Regardless of any wider impact on drug policy, the existence of a commercially regulated cannabis market in some countries outside Europe is fuelling innovation and product development (e.g. vaporisers, e-liquids, edible products), which may, in time, impact on patterns of use in Europe.
Some 87.7 million European adults (15–64 years) have tried cannabis in their lifetime. Of these, an estimated 17.1 million are young Europeans (15–34 years) who have used cannabis in the last year. Around 1% of European adults are daily or almost daily cannabis users (use on 20 days or more in the last month).

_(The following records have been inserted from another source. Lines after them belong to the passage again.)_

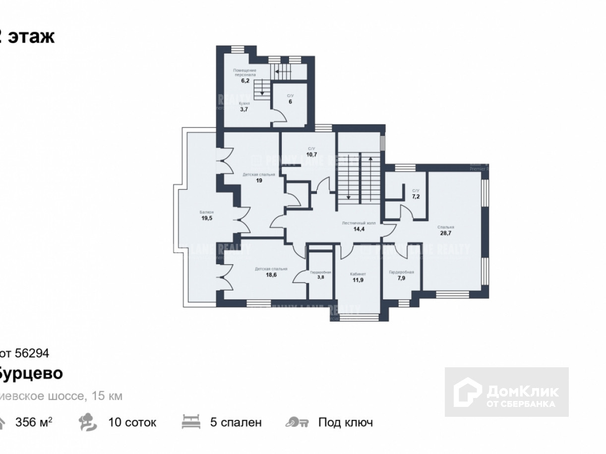 2 этаж: хозяйская спальня с гардеробной с будуаром и с/у, две спальни с гардеробными, ванная, кабинет/спальня, 1 балкон.
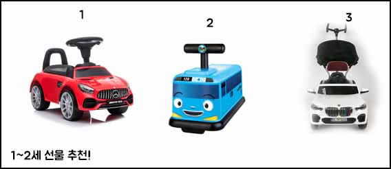 * 1~2세는 사실 남아 여아 구분이 없이 편하게 선물하셔도 될 것 같습니다.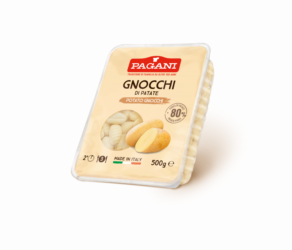 Pagani Gnocchi contain 80% of mashed potatoes, against 70% of most of the competitors: in fact, a higher content of potatoes processed directly on the farm is used in the production process, which also makes our Gnocchi more “yellow”. The special processing of the hot dough allows the Gnocchi to be softer and more consistent, not to stick to each other and to have an excellent cooking yield. Available in 500 g trays, Pagani Gnocchi can be stored out of the fridge for 12 months and are ready in just 2 minutes.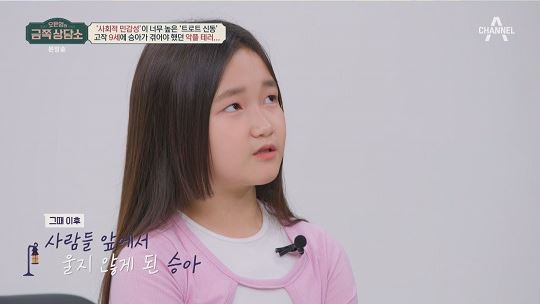 이 이야기를 들은 오은영 박사는 악플은 9살아이가 감당할 수 없는 일이라며 상처받은 황승아를 위로해 주며 통제할 수 없는 상황에서 생긴 불안감은 사회적 민감성이 높아진 것이라고 분석합니다. 사회적 민감성이 과도하게 높아질 경우에는 갈등을 피하기 위해서 자신의 감정을 숨길 수 도 있다고 조언하면서 황승아의 마음을 어루만집니다.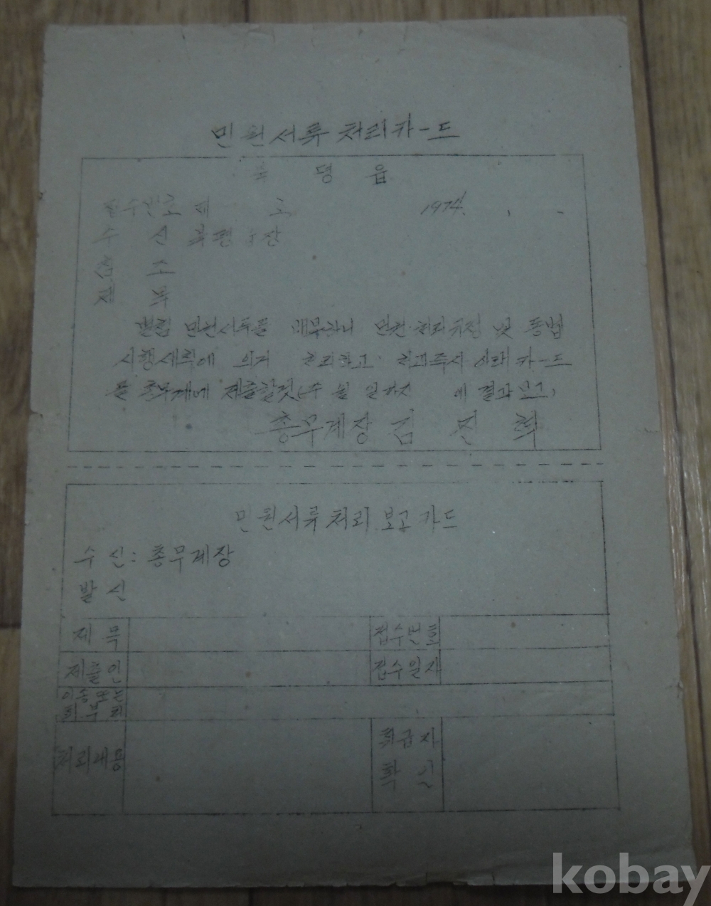 미사용 서식: 1974년 북평읍 민원서류 처리카드
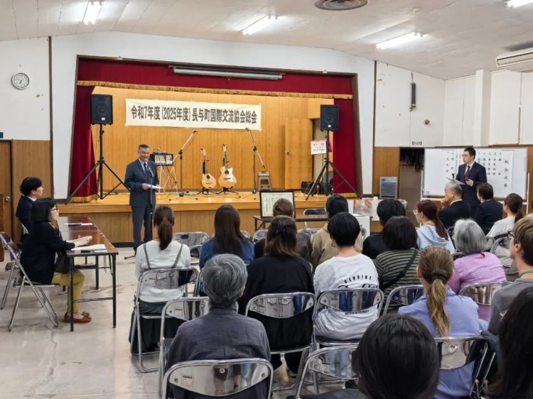 2025年4月18日,驻长崎总领事陈泳出席长与町国际交流协会总会并致辞。长与町町长吉田慎一、町议会议长安藤克彦和议员、该协会会长石川昭仁与会员及当地多国留学生代表等50余人参加。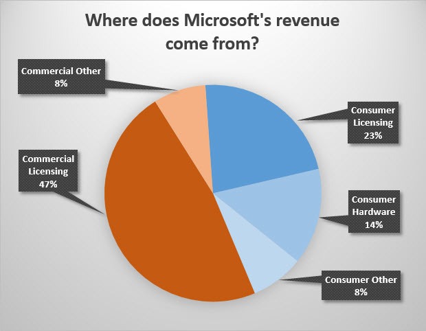 สุดท้ายปิดกันที่ Microsoft ซึ่งวิธีการรับรู้รายได้แตกต่างจาก Apple และ Google ทำให้เปรียบเทียบได้ค่อนข้างยาก แต่โดยคร่าวๆ ก็คือรายได้ก้อนใหญ่ที่สุดของบริษัทมาจากผลิตภัณฑ์ซอฟต์แวร์และบริการในตลาดองค์กร (Enterprise) ซึ่งถูกแสดงด้วยส่วนสีส้ม โดย Commercial Licensing รวมถึง Windows Server, Volume Licensing editions of Windows และ Office สำหรับองค์กร ส่วน Commercial Other รวมถึงหลายๆ บริการ เช่น Windows Azure และ Office 365 สำหรับองค์กร ส่วนผลิตภัณฑ์และบริการอื่นๆ สำหรับผู้บริโภคทั่วไปจะตกอยู่ในส่วนสีฟ้าที่เหลือ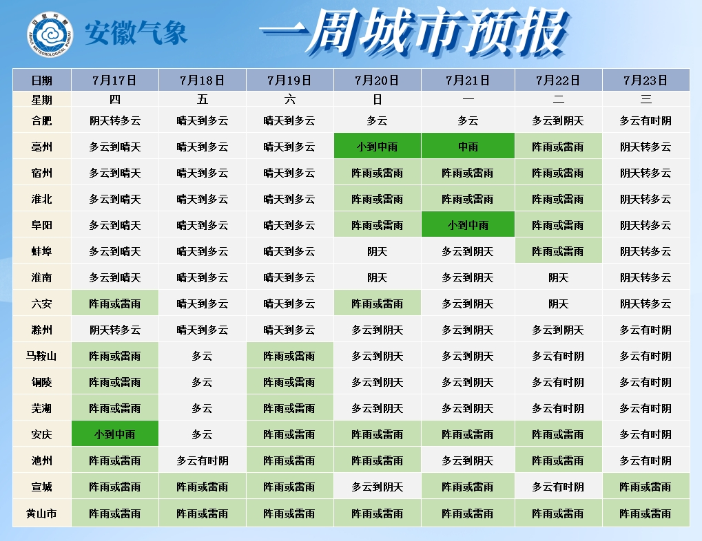 17日(周四):大别山区和沿江江南阴天转多云,有阵雨或雷雨,部分地区中到大雨;其他地区多云到晴天。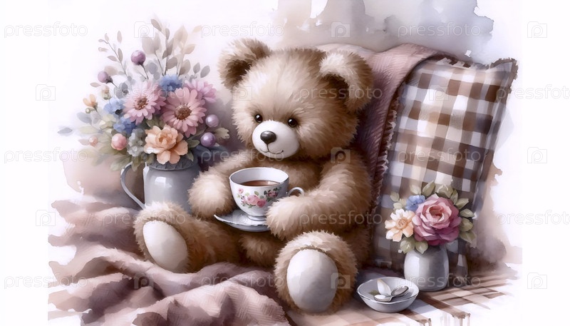 Teddy Bear Having a Picnic Водяной художественный печат, Ай создал изображение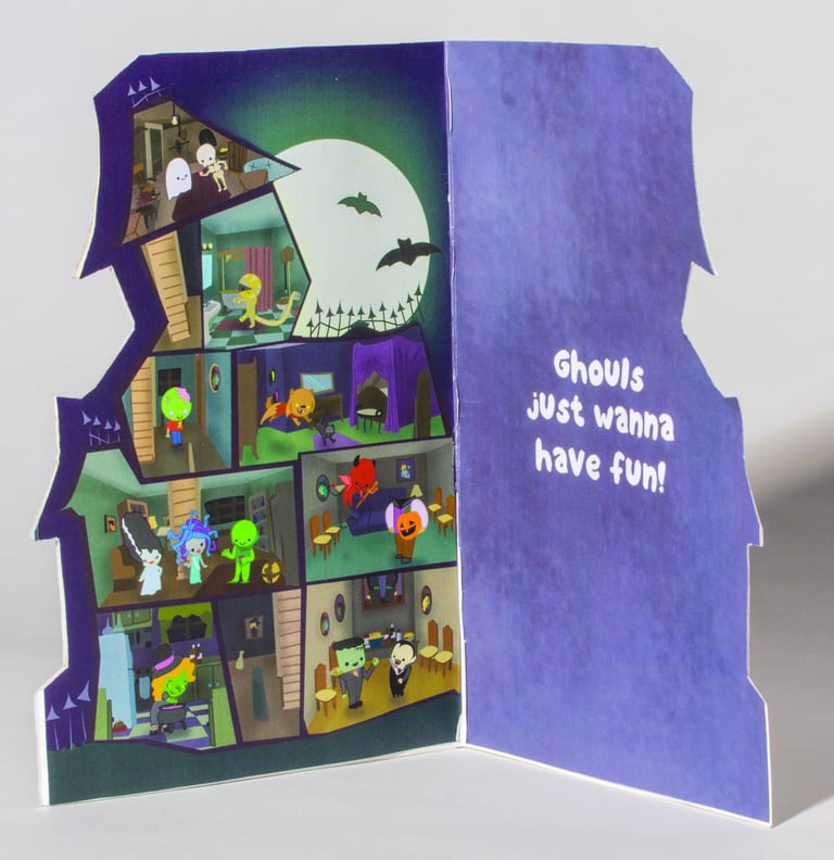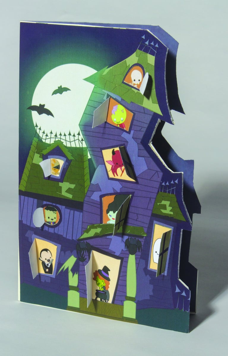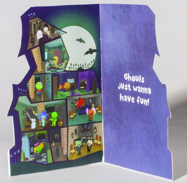 I have always enjoyed section views of buildings. I loved getting lost in the rooms and all of the little clutter in all of the spaces, and the more the world is filled, the better. I also love interactive art and the whimsy that comes with childhood flip books, and decided to make the card that I had always wanted to see.

EU and US: school student substance use compared
Monitoring substance use among school students offers valuable insight into current youth risk behaviours and potential future trends. This year’s report compares long-term patterns of substance use among European and American students (15–16 years), following the release of two major school surveys in 2016. The surveys show smoking and drinking among school students in Europe and the US to be declining, while trends in cannabis use appear to be more stable.
Last-month cannabis use among the European school students surveyed (21 EU countries and Norway), was around half the level (8%) of that reported in the US (15%). Last-month tobacco use was almost four times higher among students in Europe (23%) than in the US, where it was low at 6%. Tobacco use among US students was less than half the level of cannabis use in this group. The percentage of European students reporting last-month alcohol use was more than double (49%) that reported by their American peers (22%).
In my opinion, these annual EMCDDA reports have improved markedly over recent years; not only are they more comprehensive and more reliable but they are more directly focused on emerging behaviours and risks, enabling governments to focus their response in the most important areas. Let’s hope we publish our, rather overdue, drug strategy in the immediate future.